The Governor seemed a bit off in my mind. Perhaps he was choking on his own proposal to raise taxes and increase budgets for roads of all things, while, in the same breath, proposing to cut budgets for schools. Odd priorities in my mind. Not many words of hope or sympathy for all those sitting at home on weekdays or out shopping resumes after decades at jobs or after moving families recently to Idaho hoping to call our mountains and rivers and sage brush deserts home.

I knocked on a lot of doors in Ada County, all over Ada County this past year and I know people were struggling to pay bills before the economy began to falter for real. I can not imagine the decisions being made in small businesses and over kitchen tables tonight. If we as a state are not careful, there will be no soon end to this time. We need to do more than ask for grace in girt. Idahoans have more to give than grace. We have generosity and sweat to lend to others, we have unpaid hours we are already giving at work.

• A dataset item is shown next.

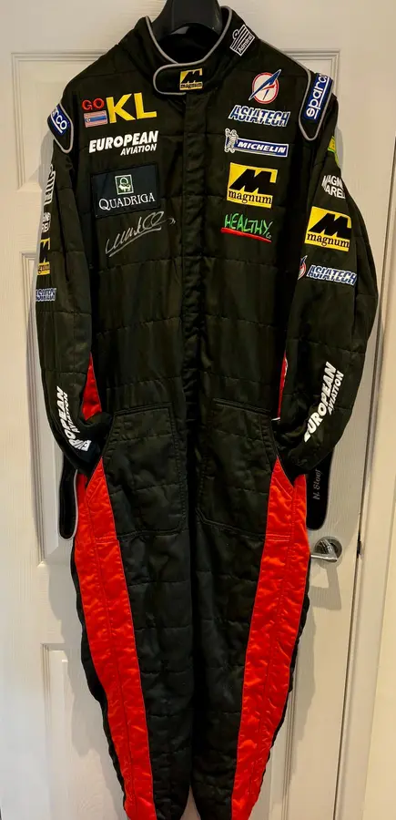 Minardi Formula 1 Pit Crew Suit, gesigneerd door Mark Webber, met originele kitbag. Persoonlijke handtekening van de negenvoudig Grand Prix-winnaar.
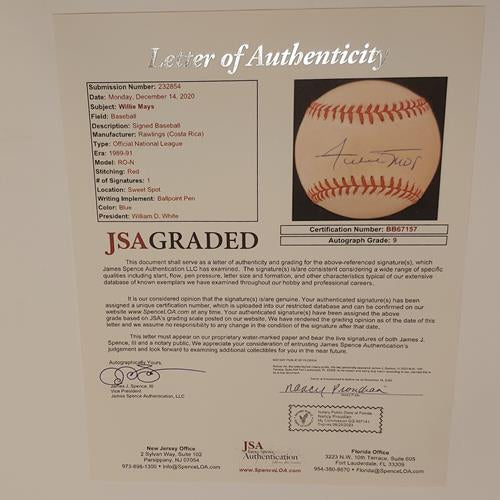 Willie Mays Autographed MLB Baseball - JSA Letter

Some are giving up hours that make health insurance for the family possible, hours that make the mortgage payment, that were counted on to pay for a child's college education, heating bills, food.

For those of us who make more than enough to pay for basics, I think the governor, and we as a legislature, can ask for more. For those living close to the bone we have to be careful. Many are one step away form needing public assistance now and our actions could leave them desperate or needing our help in ways that will cost taxpayers and businesses more than the saving we intend. Keeping Idahoans employed, and Idaho-owned businesses working, keeping the most vulnerable families fed and strong was not a note the Governor hit. It is however a tone you will hear from me and from many others in here.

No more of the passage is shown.